SOURCE DATA:

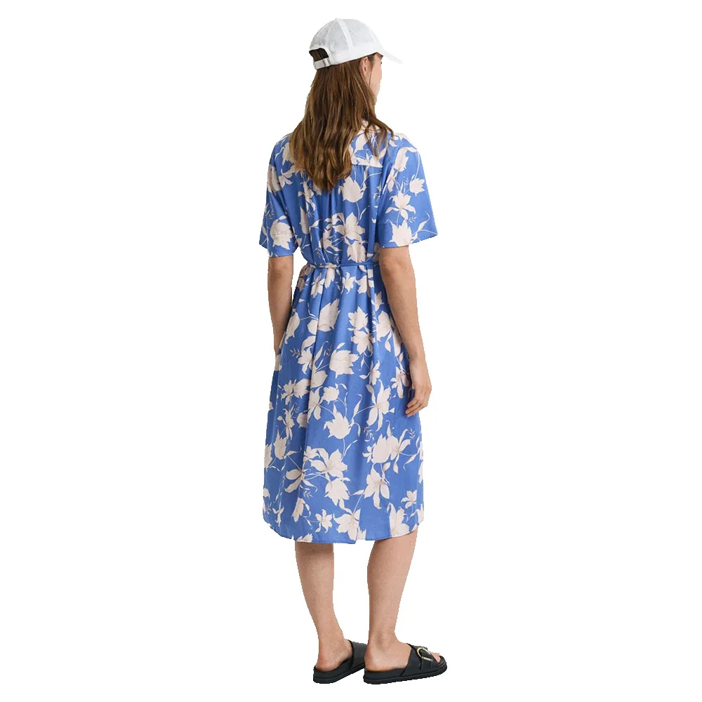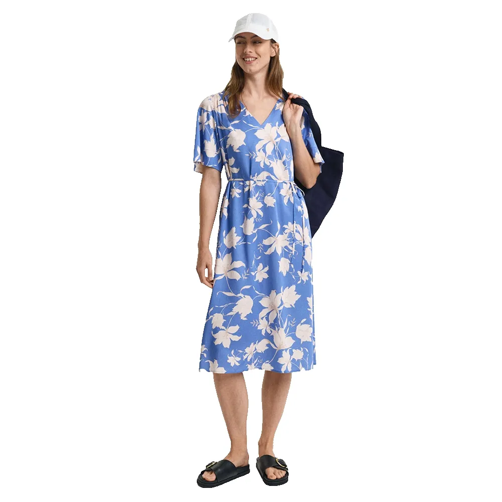 Это платье GANT из мягкой смеси вискозы и лиоцелла украшено нежным цветочным принтом, создающим ощущение текучести и элегантной драпировки.
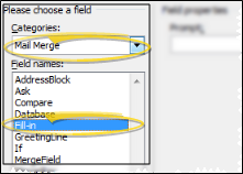 - Select Mail Merge in the Category box, and choose the Fill-In field name option. Click Ok to accept your choice, and Ok again to accept a blank prompt and insert the code into your document. If you do not see the merge code, or if you see an error, press Alt+F9 to toggle the merge code display. (If you wish, consult your Word documentation for details about setting up other "switches" for this type of code.)
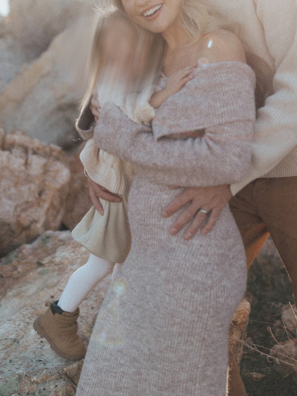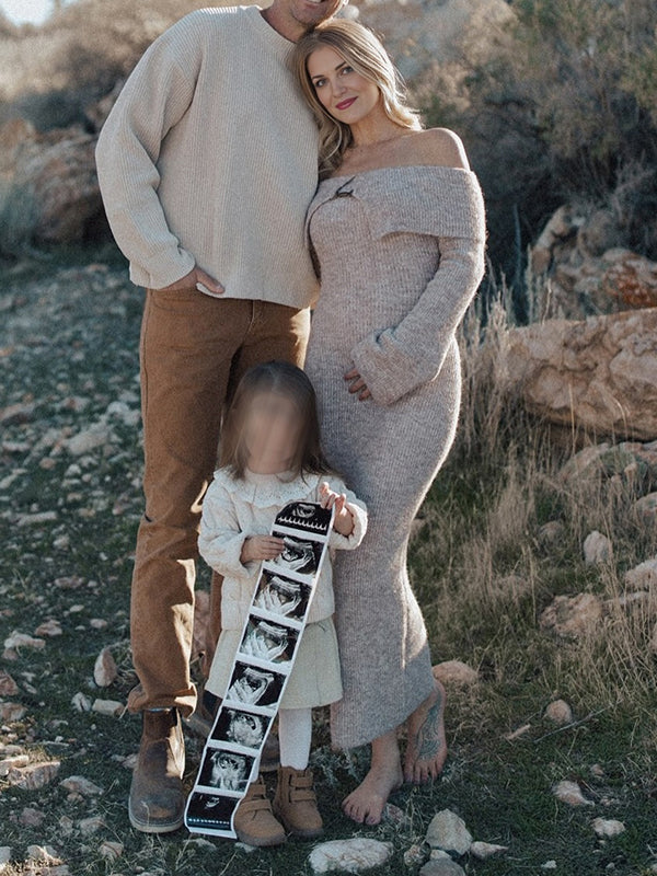 Beaumama robe shooting longue pulls grossesse élégant chic boucle épaule dénudée moulante femme enceinte
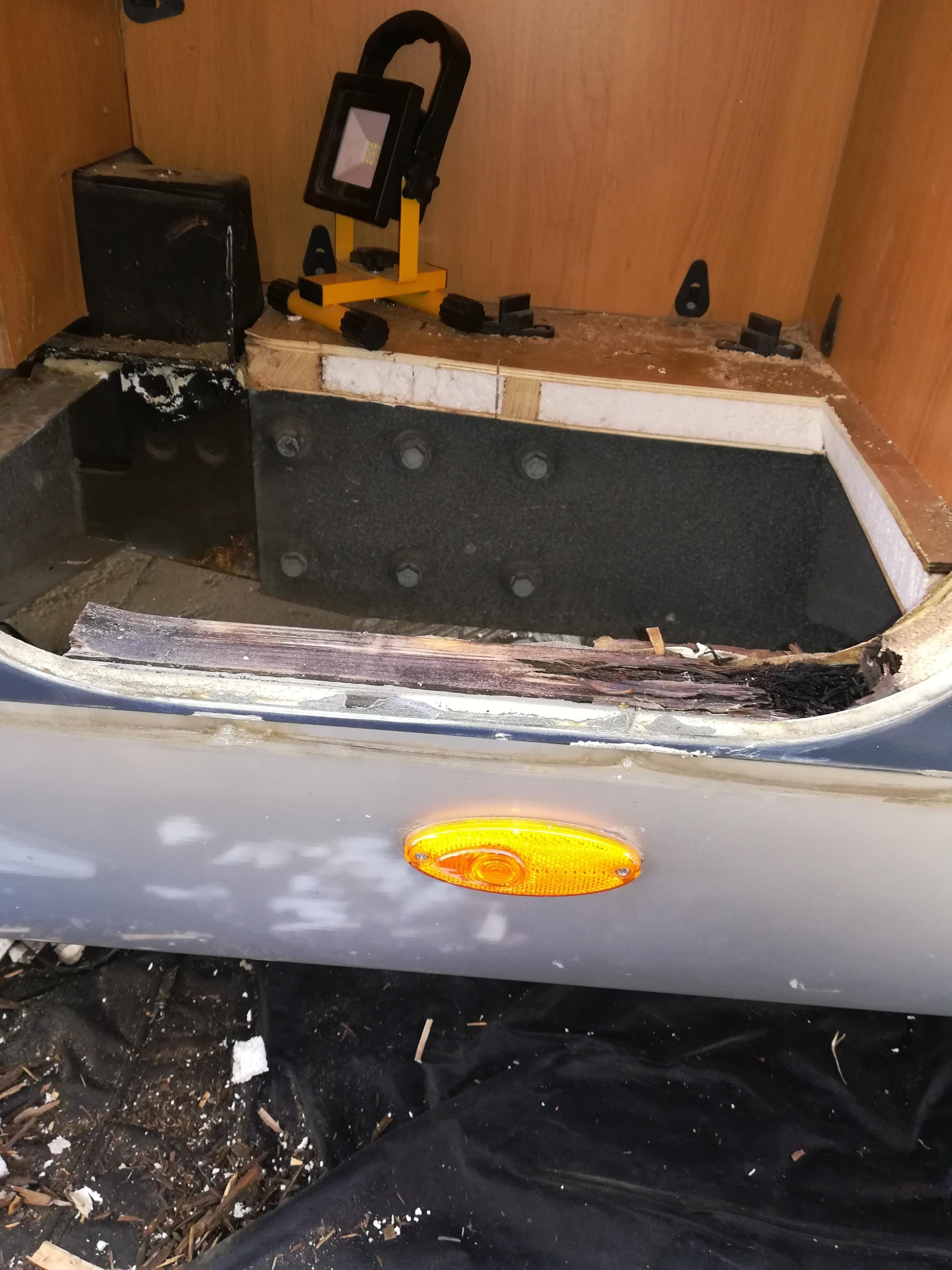 Zum Glück war dort ein Plastikteil und das Holz mit sehr viel Kleber drauf verklebt. Sonst hätte ich vor dem hinteren Radlauf auch noch den Boden kaputt. So war das Wasser in der Wand bzw im Styropor.
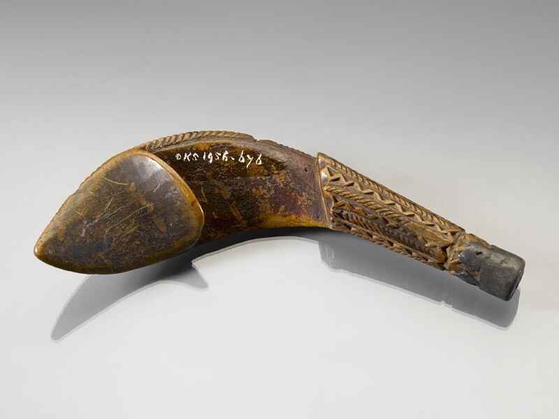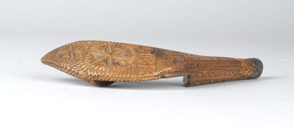 Houten gebogen breischede, versierd met kerfsnee en HP: 1816, de bovenkant is met lood bekleed
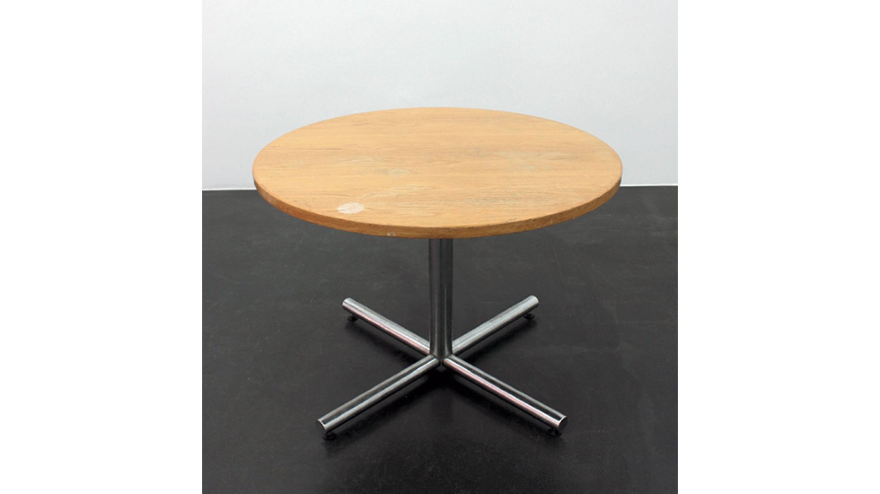 Cameron Rowland, 49-51 Chambers Street - Basement, New York, NY 10007, 2014. Wooden table top, base, hardware. 31 x 42 x 42 in.
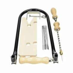 Contenu1 scie à chantourner avec système de serrage, 1 planche en bois, 1 frette, 1 vrille avec foret
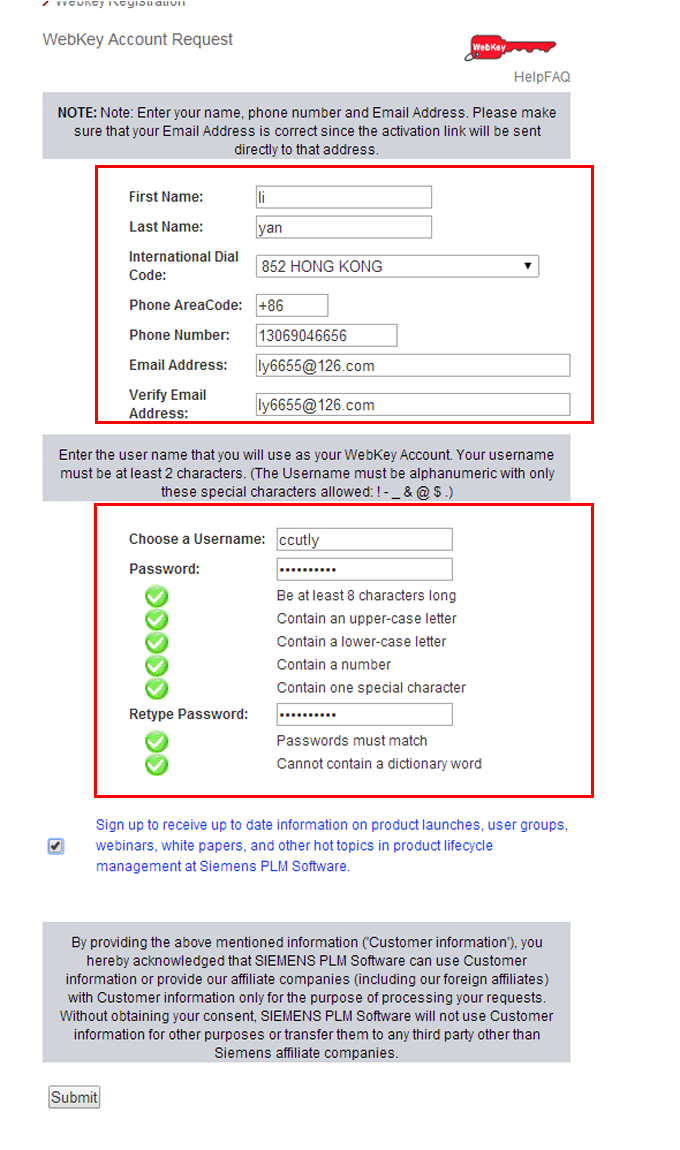 這里需要注意的是賬戶(hù)名就是以后您登陸使用的名字,密碼的要求是要有大小寫(xiě)、特殊字符、數字字符和8位以上的字符。填寫(xiě)好了,點(diǎn)擊submit遞交。
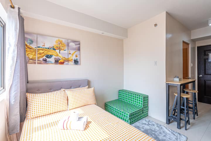Tento apartmán sa nachádza pozdĺž ulice MJ Cuenco Avenue a ocitnete sa v centre všetkých najlepších nákupných destinácií, hlavné obchodné štvrte a pulzujúci mestský život sú priamo pri vašich dverách.
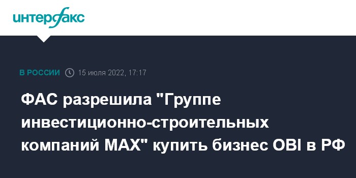 Москва. 15 июля. INTERFAX.RU - ФАС согласовала ходатайство "Группы инвестиционно-строительных компаний MAX" о приобретении российского бизнеса OBI, сообщается в пресс-релизе антимонопольного ведомства.
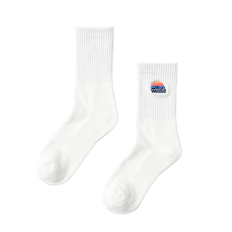 MOSTWANTEDLAB male and female couples hip-hop tide brand rainbow embroidery LOGO mid-tube stockings breathable sports socks
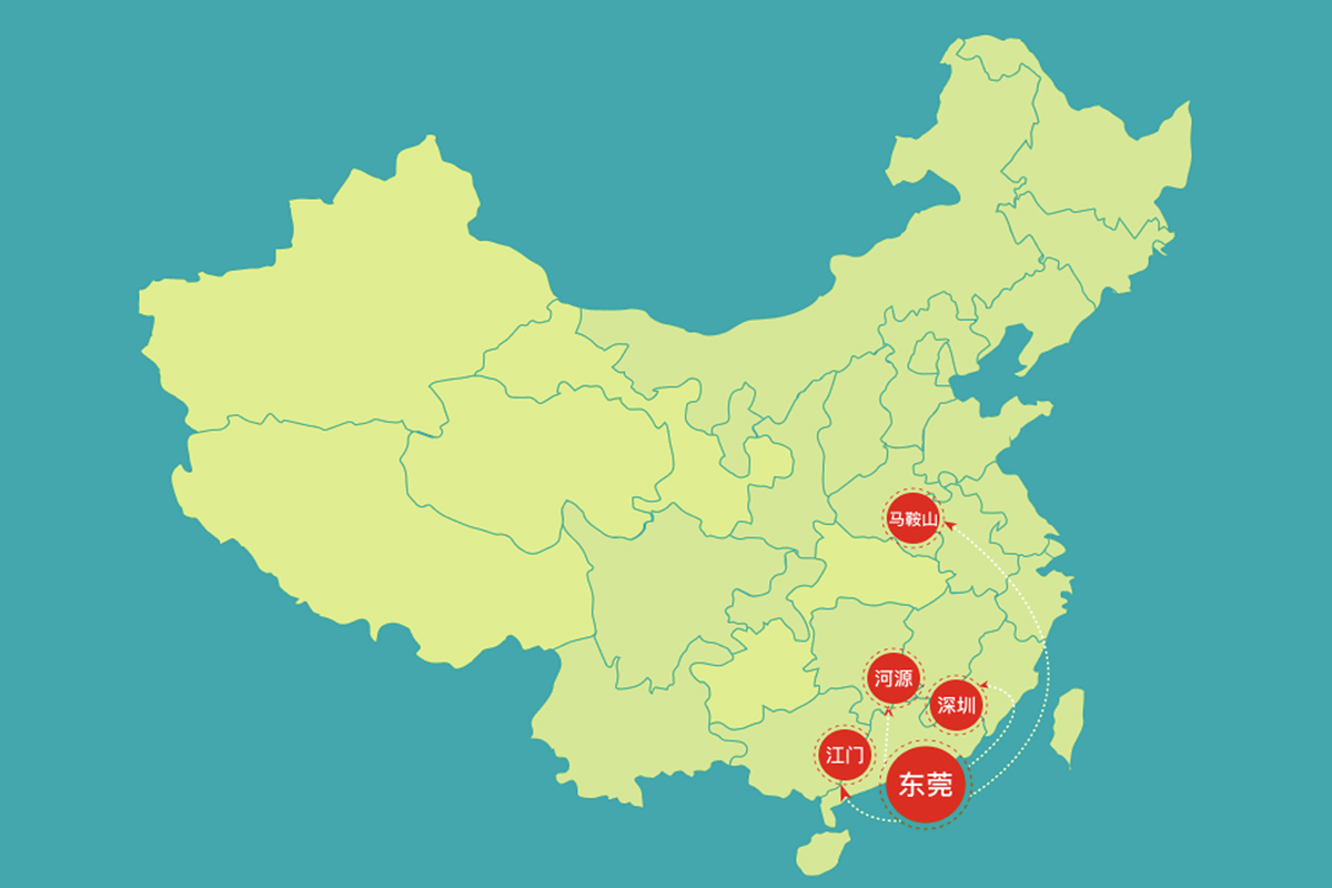 集團(tuán)擁有東莞、江門、河源、深圳、馬鞍山等5個(gè)生產(chǎn)基地,公司的生產(chǎn)、倉庫、辦公及宿舍等占地面積超過200畝,從業(yè)人員達(dá)1000余人。
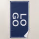 This custom beach towel features a navy blue background with a white frame. A sample logo is placed in the centre. You can personalise the mat and add your own custom company or professional business logo, or your own image of your choice.
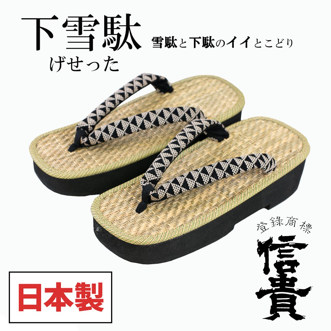 信貴(しぎ)ブランドオリジナル商品の「下雪駄(げせった)」です。下駄と雪駄を融合させたデザインで、雪駄には無い衝撃吸収性と安定性と、下駄には無い天表の質感や快適性の良いとこ取りな逸品です。
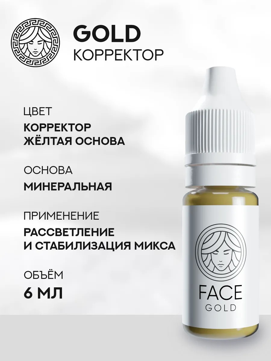 Face GOLD. Минеральный пигмент для перманентного макияжа бровей.Корректор на жёлтой основе. Используется для рассветления основного оттенка и стабилизации микса. Состав: aqua, glycerin, pigments CI: 77492, hamamelis extract, panax ginseng root extract. Минеральная линия - это минеральные пигменты. Они будут укладывать не так быстро, как органика и гибриды, при этом давать натуральные, мягкие, естественные остатки. Остаток 50-70%. Минералы из всех линий быстрее всего выходят из кожи в ноль, равномерно осветляясь, не уходя в серость за счет оптимально подобранной формулы
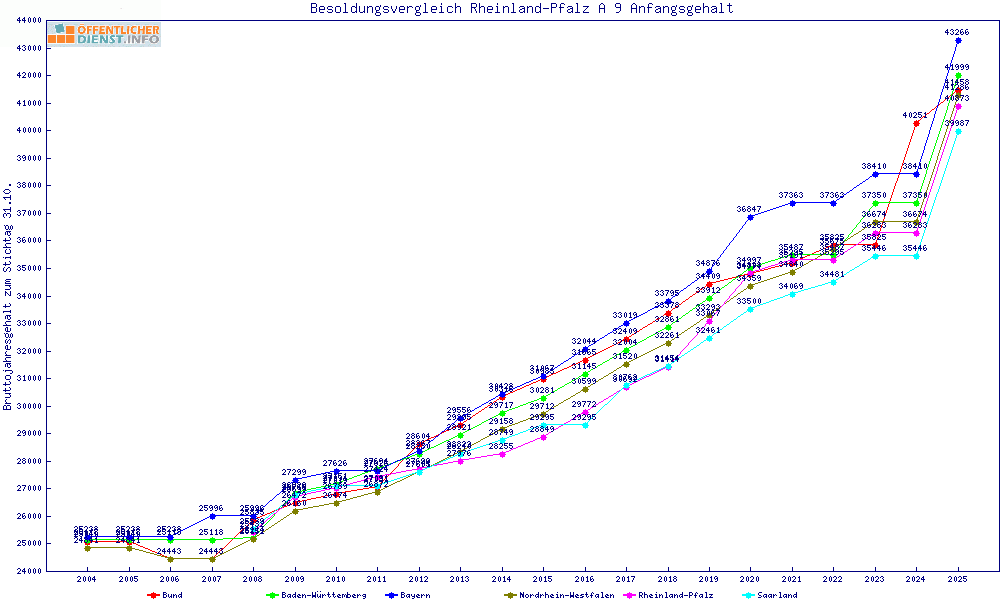 | Besoldungsvergleich A 9 im Jahr 2025 | Anfangsgehalt | ||||||
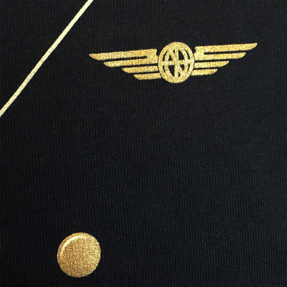 - Lapel wings and jacket buttons are printed with metallic gold ink for added realism.
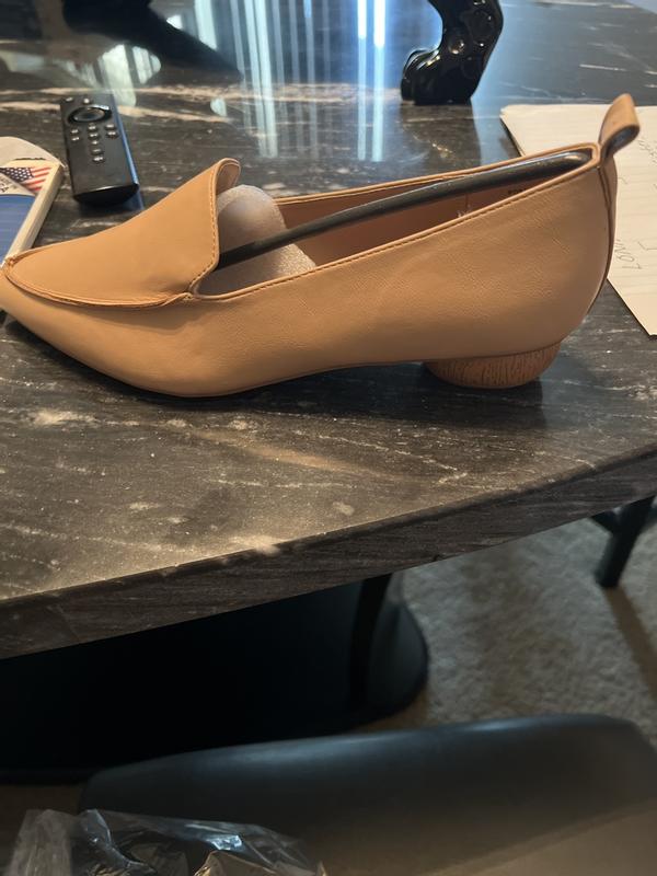 I just received these loafers and am very happy with the style and fit. I ordered my regular size 7.5 and the fit is good. The wooden heel is a nice finish to this loafer.

ASSIGNMENT:
Skip the pictures and reproduce all remaining entries exactly.

PROBLEM SOLUTION:
 Это платье GANT из мягкой смеси вискозы и лиоцелла украшено нежным цветочным принтом, создающим ощущение текучести и элегантной драпировки.
 - Select Mail Merge in the Category box, and choose the Fill-In field name option. Click Ok to accept your choice, and Ok again to accept a blank prompt and insert the code into your document. If you do not see the merge code, or if you see an error, press Alt+F9 to toggle the merge code display. (If you wish, consult your Word documentation for details about setting up other "switches" for this type of code.)
 Beaumama robe shooting longue pulls grossesse élégant chic boucle épaule dénudée moulante femme enceinte
 Zum Glück war dort ein Plastikteil und das Holz mit sehr viel Kleber drauf verklebt. Sonst hätte ich vor dem hinteren Radlauf auch noch den Boden kaputt. So war das Wasser in der Wand bzw im Styropor.
 Houten gebogen breischede, versierd met kerfsnee en HP: 1816, de bovenkant is met lood bekleed
 Cameron Rowland, 49-51 Chambers Street - Basement, New York, NY 10007, 2014. Wooden table top, base, hardware. 31 x 42 x 42 in.
 Contenu1 scie à chantourner avec système de serrage, 1 planche en bois, 1 frette, 1 vrille avec foret
 這里需要注意的是賬戶(hù)名就是以后您登陸使用的名字,密碼的要求是要有大小寫(xiě)、特殊字符、數字字符和8位以上的字符。填寫(xiě)好了,點(diǎn)擊submit遞交。
Tento apartmán sa nachádza pozdĺž ulice MJ Cuenco Avenue a ocitnete sa v centre všetkých najlepších nákupných destinácií, hlavné obchodné štvrte a pulzujúci mestský život sú priamo pri vašich dverách.
 Москва. 15 июля. INTERFAX.RU - ФАС согласовала ходатайство "Группы инвестиционно-строительных компаний MAX" о приобретении российского бизнеса OBI, сообщается в пресс-релизе антимонопольного ведомства.
 MOSTWANTEDLAB male and female couples hip-hop tide brand rainbow embroidery LOGO mid-tube stockings breathable sports socks
 集團(tuán)擁有東莞、江門、河源、深圳、馬鞍山等5個(gè)生產(chǎn)基地,公司的生產(chǎn)、倉庫、辦公及宿舍等占地面積超過200畝,從業(yè)人員達(dá)1000余人。
 This custom beach towel features a navy blue background with a white frame. A sample logo is placed in the centre. You can personalise the mat and add your own custom company or professional business logo, or your own image of your choice.
 信貴(しぎ)ブランドオリジナル商品の「下雪駄(げせった)」です。下駄と雪駄を融合させたデザインで、雪駄には無い衝撃吸収性と安定性と、下駄には無い天表の質感や快適性の良いとこ取りな逸品です。
 Face GOLD. Минеральный пигмент для перманентного макияжа бровей.Корректор на жёлтой основе. Используется для рассветления основного оттенка и стабилизации микса. Состав: aqua, glycerin, pigments CI: 77492, hamamelis extract, panax ginseng root extract. Минеральная линия - это минеральные пигменты. Они будут укладывать не так быстро, как органика и гибриды, при этом давать натуральные, мягкие, естественные остатки. Остаток 50-70%. Минералы из всех линий быстрее всего выходят из кожи в ноль, равномерно осветляясь, не уходя в серость за счет оптимально подобранной формулы
 | Besoldungsvergleich A 9 im Jahr 2025 | Anfangsgehalt | ||||||
 - Lapel wings and jacket buttons are printed with metallic gold ink for added realism.
 I just received these loafers and am very happy with the style and fit. I ordered my regular size 7.5 and the fit is good. The wooden heel is a nice finish to this loafer.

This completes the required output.